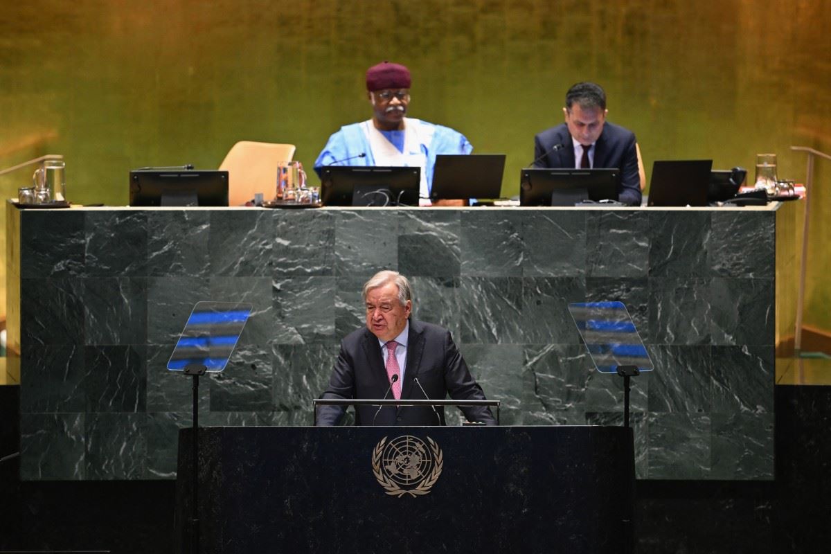 غوتيريس متكلما خلال "قمة المستقبل" على هامش الجمعية العامة للأمم المتحدة في مقر الأمم المتحدة في نيويورك (22 ايلول 2024، أ ف ب).
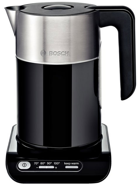 Электрочайник Bosch TWK8613P, inox black объем 1.5 л мощность 2400 Вт индикация включения, поддержание тепла закрытая спираль установка на подставку в любом положении корпус из стали и пластика ненагревающийся корпус выбор температуры нагрева воды вес 1.9 кг
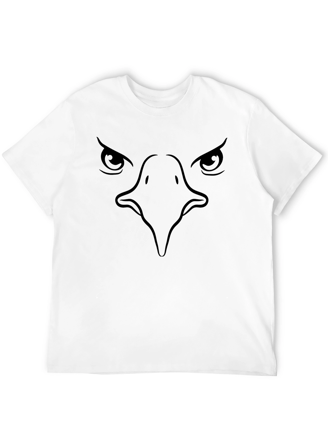 Show your love for birds of prey with this striking black t-shirt. Featuring a bold, minimalist graphic of an eagle's face, this tee is perfect for casual wear. The design is simple yet eye-catching, making it a great conversation starter. The t-shirt appears to be made from a soft, comfortable fabric, ensuring all-day comfort. Ideal for everyday wear, concerts, or outdoor events. A must-have for any bird enthusiast's wardrobe. Available in various sizes.
☆ ☆ ☆ ☆ ☆ ☆ ☆
Problem description: Pictures are to be dropped, and the remaining data set down exactly.

Result below:
 غوتيريس متكلما خلال "قمة المستقبل" على هامش الجمعية العامة للأمم المتحدة في مقر الأمم المتحدة في نيويورك (22 ايلول 2024، أ ف ب).
 Электрочайник Bosch TWK8613P, inox black объем 1.5 л мощность 2400 Вт индикация включения, поддержание тепла закрытая спираль установка на подставку в любом положении корпус из стали и пластика ненагревающийся корпус выбор температуры нагрева воды вес 1.9 кг
 Show your love for birds of prey with this striking black t-shirt. Featuring a bold, minimalist graphic of an eagle's face, this tee is perfect for casual wear. The design is simple yet eye-catching, making it a great conversation starter. The t-shirt appears to be made from a soft, comfortable fabric, ensuring all-day comfort. Ideal for everyday wear, concerts, or outdoor events. A must-have for any bird enthusiast's wardrobe. Available in various sizes.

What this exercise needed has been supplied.